Auslöser der systemkritischen Massenproteste im Iran im vergangenen Monat war der Tod des 22-jährigen iranischen Kurden Mahsa Amini. Die Sittenpolizei verhaftete sie wegen angeblicher Verletzung der islamischen Kleiderordnung. Die Frau starb am 16. September in Polizeigewahrsam. Seit ihrem Tod demonstrieren Tausende im ganzen Land gegen den Repressionskurs der Regierung und das islamische Herrschaftssystem.

Demonstration von Regierungsanhängern

Unterdessen demonstrierten Anhänger der Regierung bei staatlich organisierten Protesten nach dem Angriff am Mittwoch in der Stadt Shiraz. Bei dem Anschlag, für den sich die Terrormiliz Islamischer Staat (IS) verantwortlich machte, wurden 13 Menschen getötet und Dutzende verletzt.

Teheran macht seine Erzfeinde USA und Israel sowie die Demonstranten für den Anschlag verantwortlich und kündigte Rache an.
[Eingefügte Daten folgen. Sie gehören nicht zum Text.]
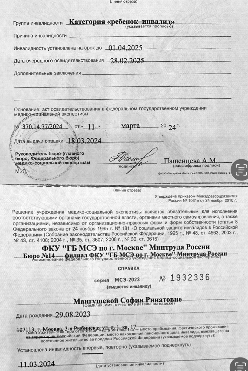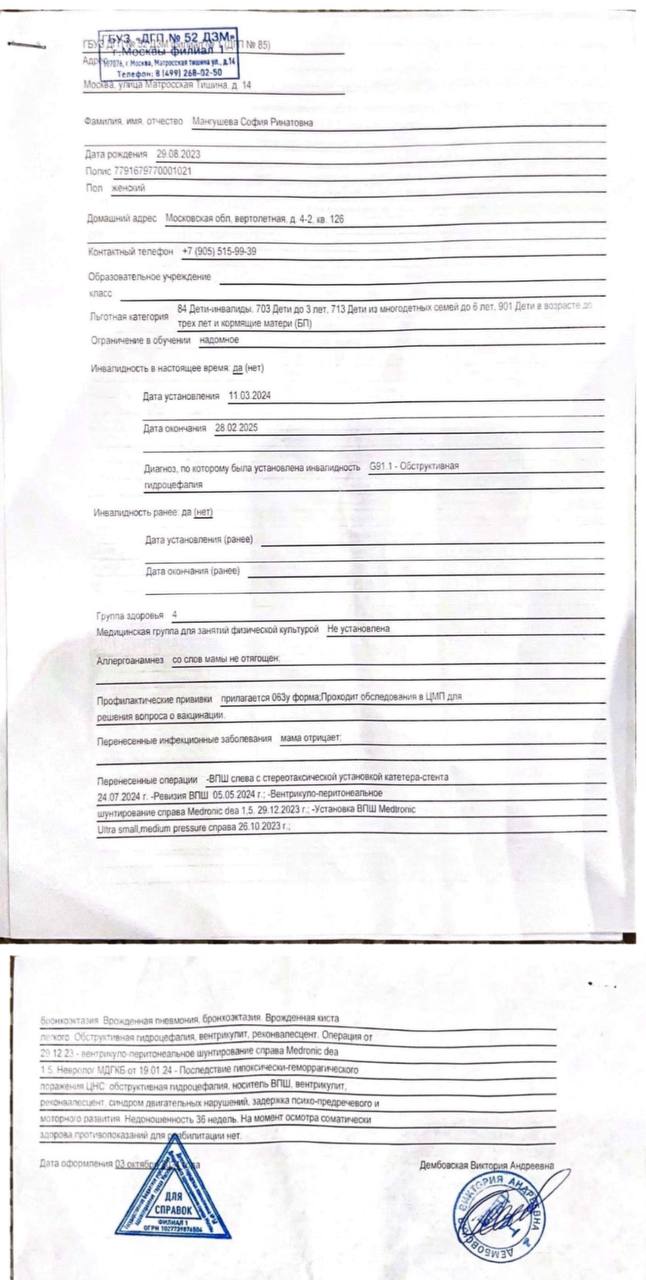 Здравствуйте🙏🏻!я многодетная мама ,воспитывающая 3 детей в одиночку🥺,самая маленькая дочь имеет диагнозы-гидроцефалия,ДЦП😖💔. Родилась недоношенной на 36 неделе😭,путем экстренного кесарева сечения.Сразу после родов попала в реанимацию❤️🩹🥺,где пролежала полтора месяца под ивл😢‼️,врачи буквально с того света ее вытащили⚠️.. После реанимации,пролежала в больнице,откуда вышла,когда ей было почти 5 месяцев.. у нее было 9 операций, в голове стоит уже 3 по счету шунт,предыдущие не приживались.Ей полтора года,она полностью лежачая,даже голову не держит,не умеет жевать и плохо глотает,постоянно поперхивается ,когда кушает,из-за этого она ест только жидкую еду(даю детское пюре в баночках).Она нуждается в постоянной реабилитации.. Вот ее диагнозы:

Viele Iraner befürchten, dass die Sicherheitskräfte nach dem Angriff noch stärker gegen Demonstrationen vorgehen werden.

Wo ist der spanische Fußballfan?

Das spanische Außenministerium hat gestern eine Erklärung zum Fall eines vermissten Fußballfans abgegeben, der von seinem Heimatland zur Weltmeisterschaft in Katar zu Fuß unterwegs war und vermutlich im Iran verschwunden ist. Santiago Sánchez Cogedor hat zuletzt am 1. Oktober aus dem Nordirak an der iranischen Grenze auf Instagram gepostet. Wo sich der Spanier aufhält, sei nicht bekannt, sagte eine Sprecherin des Ministeriums. Die spanische Botschaft in Teheran steht in Kontakt mit den iranischen Behörden und Angehörigen in Spanien.

Sie dementierte damit Medienberichte, wonach ihr Zuhause die Festnahme des 40-Jährigen im Iran bestätigt habe. Die Nachrichtenagentur Europa Press und andere spanische Medien berichteten jedoch unter Berufung auf die Mutter des Vermissten, dass ihr Sohn im Iran inhaftiert sei. Es geht ihm gut und der spanische Botschafter in Teheran will ihn im Gefängnis besuchen. Die Botschaft versucht, sie freizulassen. Vor einigen Wochen meldeten die Sicherheitsbehörden die Festnahme mehrerer europäischer Bürger im Zusammenhang mit den Protesten.

In der Hauptstadt Teheran waren in der Nacht zum Freitag erneut zahlreiche Menschen auf der Straße. Vielerorts solidarisierten sich Anwohner auch von den Balkonen aus mit den Demonstranten, wie Augenzeugen berichteten. Berichten zufolge haben Sicherheitskräfte deshalb auch auf Wohnungen geschossen. Neben Protestparolen forderten einige auch ein Referendum. Viele Menschen fordern jedoch weiterhin den Sturz des Systems. Es gilt als äußerst unwahrscheinlich, dass die iranische Führung Zugeständnisse machen und soziale Lockerungen beschließen wird.